OVERVIEW: The New York Times may be the company's vaunted flagship, but the newspaper's smaller cousin, The Boston Globe, has drawn the most attention recently. The Globe's largest union finally voted to accept wage and benefit concessions Monday after months of back-and-forth.
The Boston Newspaper Guild, representing 700 editorial, advertising and business employees, accepted a pay reduction of nearly 6 percent, plus unpaid furloughs, a freeze on pensions, lower health-care benefits and the loss of lifetime job guarantees. Those steps should bring costs down by $10 million. The deal comes after union members rejected a similar contract and the Times Co. imposed a 23 percent wage cut.

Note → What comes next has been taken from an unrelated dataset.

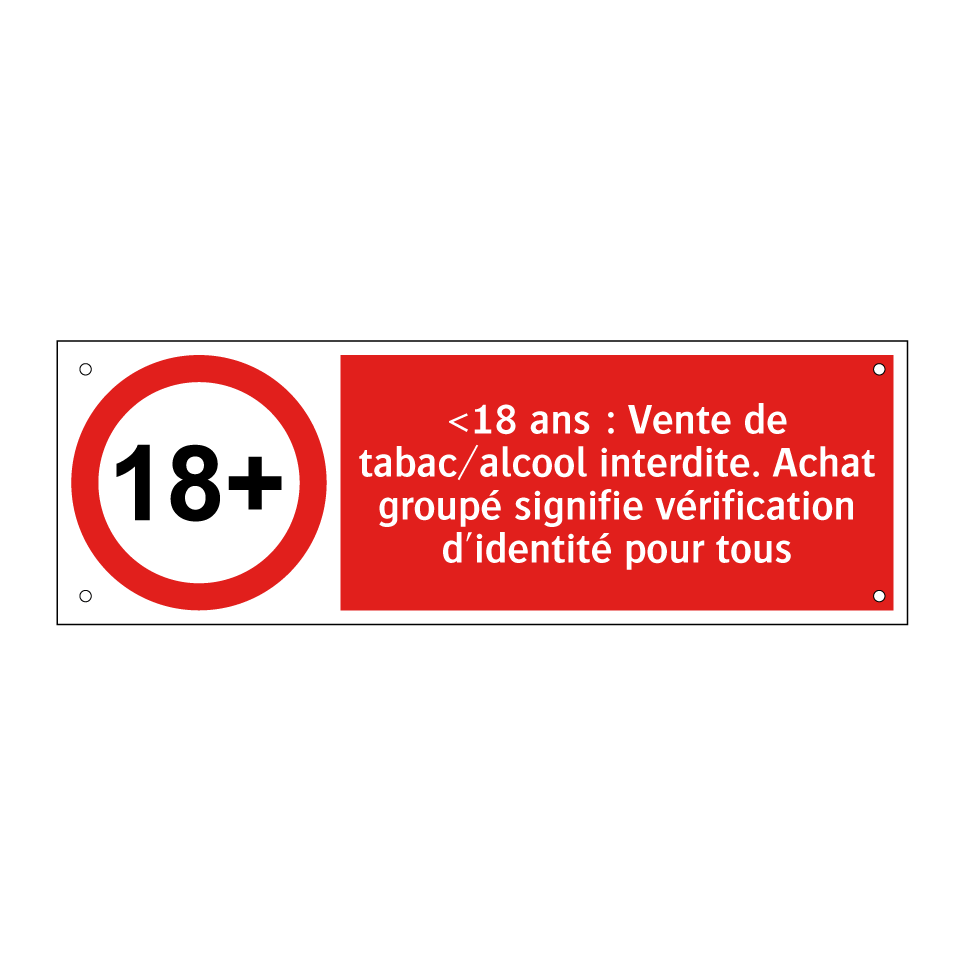 Panneau d'interdiction avec le texte : "<18 ans : Vente de tabac/alcool interdite. Achat groupé signifie vérification d'identité pour tous" et une symbolique claire.

The negotiations were critical for the Times Co., which is expecting $85 million in losses at the Globe this year. The $10 million in cuts approved Monday brings total concessions from Globe unions to $20 million. The cuts should make it easier for the Times Co. to find a potential buyer for the newspaper.
But that will not solve all the company's problems.
The Times Co.'s flagship newspaper faces the same staggering declines in ad revenue that have stung the rest of the newspaper industry. Readers are choosing free news on the Internet and advertisers have followed. But Web ads remain stubbornly cheap, amounting to only a small fraction of most newspapers' revenue.
To raise cash, the company has been selling assets. It announced last week that it is getting out of the radio business, selling classical music station WQXR-FM for $45 million. It is also exploring the sale of its 17.5 percent stake in the Boston Red Sox.
Most employees of the flagship newspaper have had their pay cut by 5 percent through the end of the year to trim costs.
Meanwhile, the company is hoping loyal New York Times readers are willing to pay more for the printed edition, hiking the newsstand price to $2 from $1.50 Monday through Saturday and $5 from $4 on Sundays beginning June 1.
BY THE NUMBERS: Analysts surveyed by Thomson Reuters, who typically exclude special items from their estimates, expect the Times Co. to report a loss of 4 cents per share on sales of $603 million. That compares with a year-earlier profit of 26 cents per share and sales of $741.9 million.
ANALYST TAKE: Ken Doctor, a media analyst with Outsell Inc., said he will be looking to see how the Times Co. has managed its costs.
Two other big publishers, Gannett Co. and McClatchy Co., managed to salvage respectable second-quarter profits with deep cutbacks. But the Times Co. has not resorted to the widespread newsroom layoffs those companies have.
"Clearly they are trying to maintain that flagship New York Times," Doctor said.
WHAT'S AHEAD: Most observers expect the Times Co. to decide soon on the future of nytimes.com. Like other newspapers, the Times has been considering some kind of pay wall to wring more revenue out of the online edition.
The trick is getting enough money from readers who are willing to pay without hurting traffic so much that advertising revenue dries up.
STOCK PERFORMANCE: The company's stock rose 99 cents, or 22 percent, to $5.51 in the second quarter.